By training on a balanced dataset and evaluating on the original, imbalanced test set, we ensure a fair and realistic assessment of model performance.


In [None]:
from sklearn.model_selection import train_test_split
from imblearn.over_sampling import SMOTE
import seaborn as sns
import matplotlib.pyplot as plt

# 1. Separate features and target
X = df.drop('No-show', axis=1)
y = df['No-show']

# 2. Split into training and testing sets (stratify to maintain imbalance in test)
X_train, X_test, y_train, y_test = train_test_split(
    X, y, test_size=0.2, stratify=y, random_state=42
)

# 3. Apply SMOTE to training set
smote = SMOTE(random_state=42)
X_train_smote, y_train_smote = smote.fit_resample(X_train, y_train)

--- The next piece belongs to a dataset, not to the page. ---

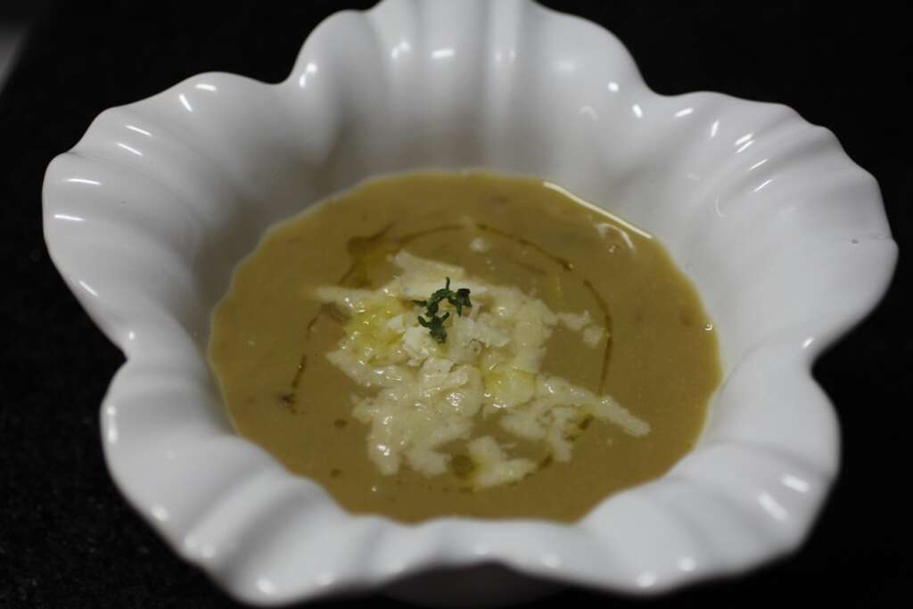 Sopa de grão de bico com alho poró

# 4. Visualize class balance in the resampled training set
sns.countplot(x=y_train_smote)
plt.title("Class Distribution After SMOTE (Training Set)")
plt.xlabel("No-show (0 = Showed up, 1 = Missed)")
plt.ylabel("Count")
plt.show()

print("\n\n\n")

# Original training and testing set sizes
print(f"Original training set size: {X_train.shape[0]} rows")
print(f"Original testing set size: {X_test.shape[0]} rows")

# After SMOTE
print(f"Training set size after SMOTE: {X_train_smote.shape[0]} rows")


The training set was balanced using SMOTE to address class imbalance. Originally, the training set had 88,420 samples, which increased to 141,130 after synthetic examples were added. The class distribution is now even (0 = showed up, 1 = missed), as shown in the bar plot, helping improve model performance and fairness.